Records provided
══════
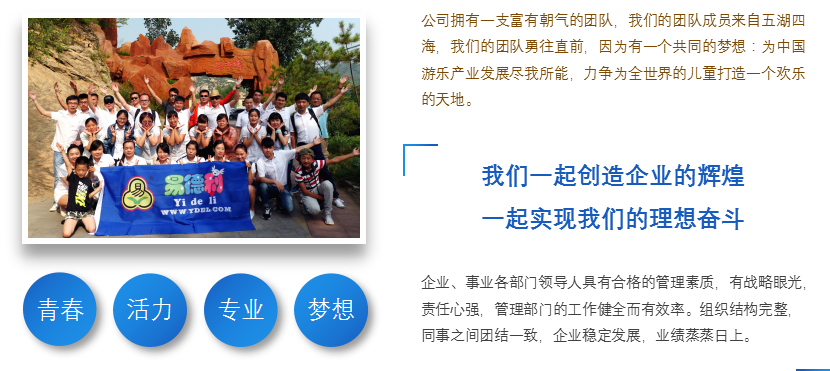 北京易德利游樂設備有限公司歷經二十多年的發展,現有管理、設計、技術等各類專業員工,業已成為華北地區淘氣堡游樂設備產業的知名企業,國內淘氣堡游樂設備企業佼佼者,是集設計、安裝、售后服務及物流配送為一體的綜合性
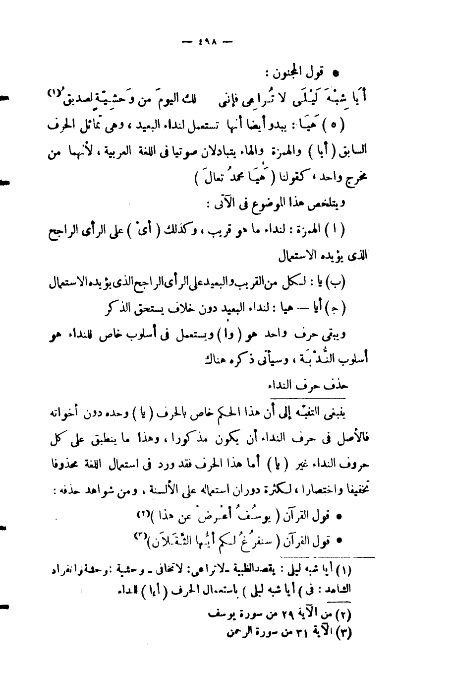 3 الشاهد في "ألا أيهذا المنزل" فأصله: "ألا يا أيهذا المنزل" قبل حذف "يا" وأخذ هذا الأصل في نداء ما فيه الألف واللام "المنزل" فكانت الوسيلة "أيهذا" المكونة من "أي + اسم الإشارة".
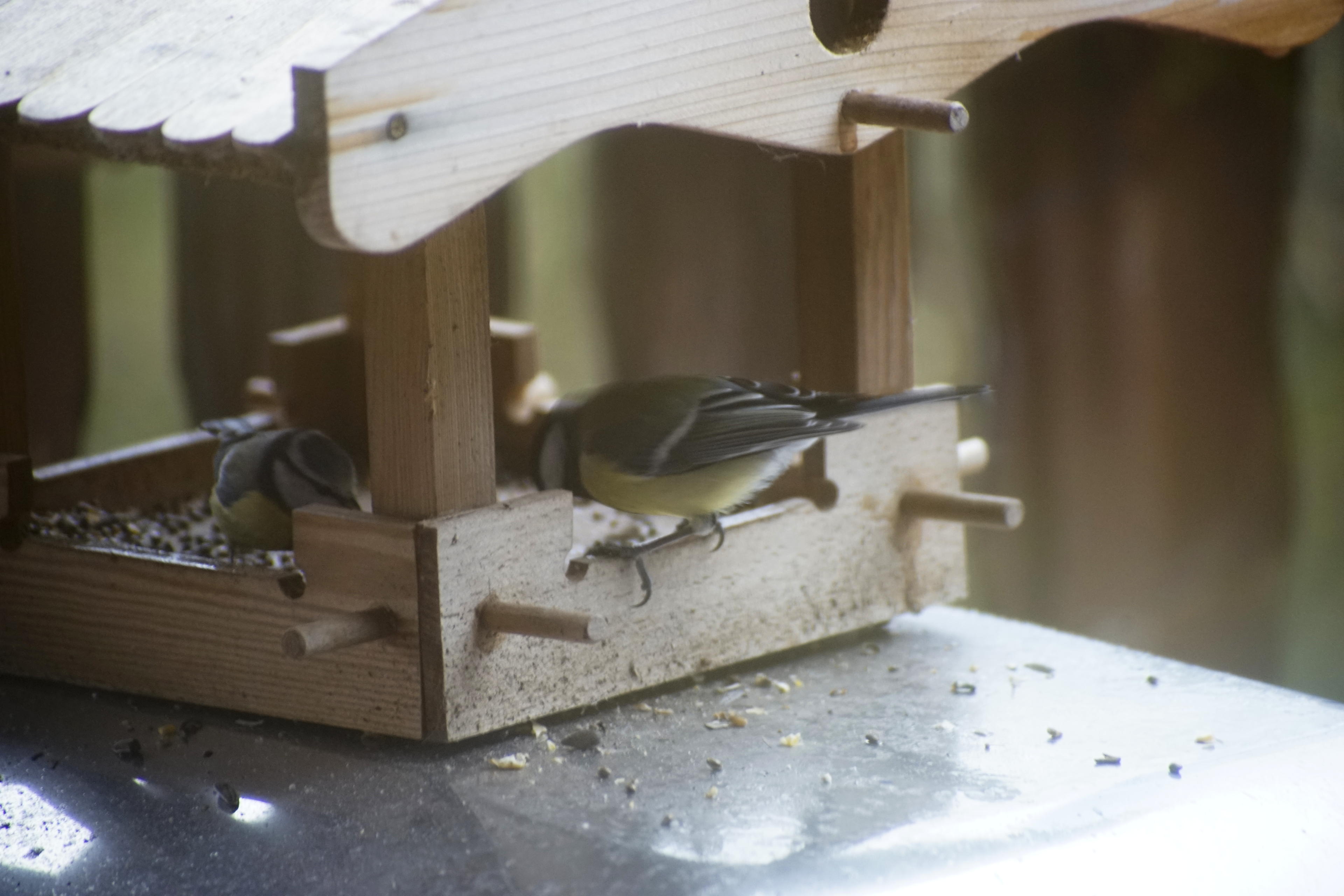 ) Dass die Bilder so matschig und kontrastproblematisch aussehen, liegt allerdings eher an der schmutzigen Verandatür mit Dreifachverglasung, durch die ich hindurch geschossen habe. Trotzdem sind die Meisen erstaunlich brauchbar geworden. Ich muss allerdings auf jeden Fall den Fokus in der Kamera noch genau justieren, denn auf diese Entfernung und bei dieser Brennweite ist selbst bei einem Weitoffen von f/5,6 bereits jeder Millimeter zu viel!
══════
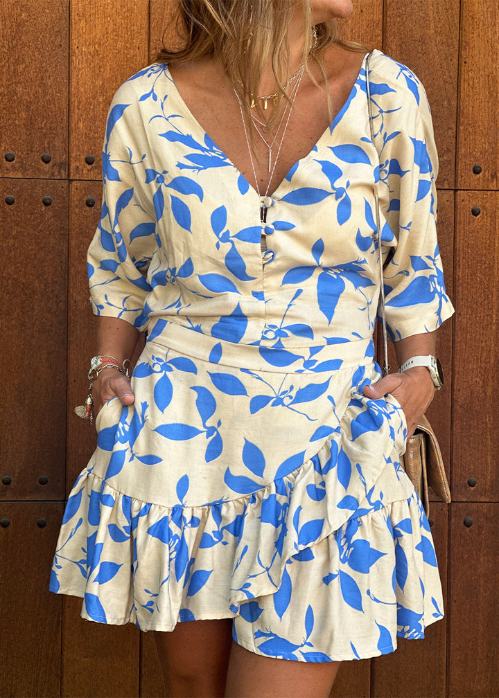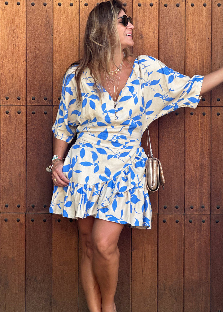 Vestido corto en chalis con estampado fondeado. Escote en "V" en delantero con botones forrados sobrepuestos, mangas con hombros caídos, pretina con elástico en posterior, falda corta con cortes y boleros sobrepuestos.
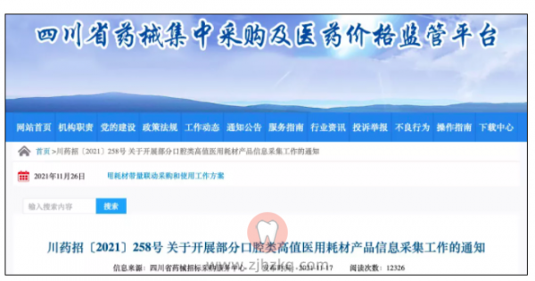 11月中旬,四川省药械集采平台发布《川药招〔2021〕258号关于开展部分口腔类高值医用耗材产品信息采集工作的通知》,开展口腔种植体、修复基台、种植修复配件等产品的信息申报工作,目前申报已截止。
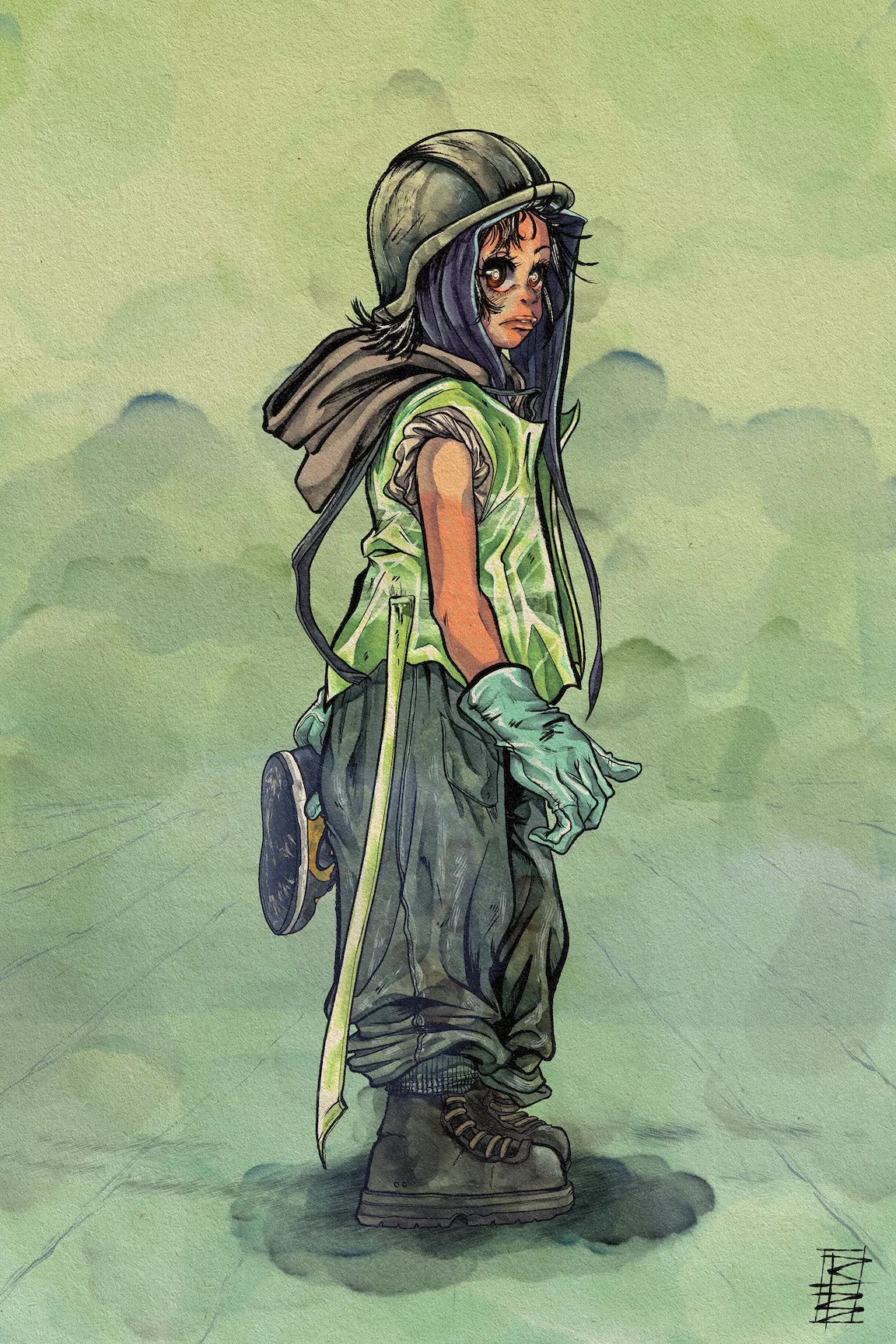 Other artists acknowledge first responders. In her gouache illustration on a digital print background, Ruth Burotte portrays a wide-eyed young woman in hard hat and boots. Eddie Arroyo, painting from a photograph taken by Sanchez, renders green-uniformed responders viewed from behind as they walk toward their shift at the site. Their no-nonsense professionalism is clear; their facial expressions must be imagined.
══════
Aim of the task
Starting at the line above that holds "11月中旬,四川省药械集采平", repeat every line exactly down to and including the line that holds "Other artists acknowledge", then stop. Do not carry over any pictures.

Exercise solution
 11月中旬,四川省药械集采平台发布《川药招〔2021〕258号关于开展部分口腔类高值医用耗材产品信息采集工作的通知》,开展口腔种植体、修复基台、种植修复配件等产品的信息申报工作,目前申报已截止。
 Other artists acknowledge first responders. In her gouache illustration on a digital print background, Ruth Burotte portrays a wide-eyed young woman in hard hat and boots. Eddie Arroyo, painting from a photograph taken by Sanchez, renders green-uniformed responders viewed from behind as they walk toward their shift at the site. Their no-nonsense professionalism is clear; their facial expressions must be imagined.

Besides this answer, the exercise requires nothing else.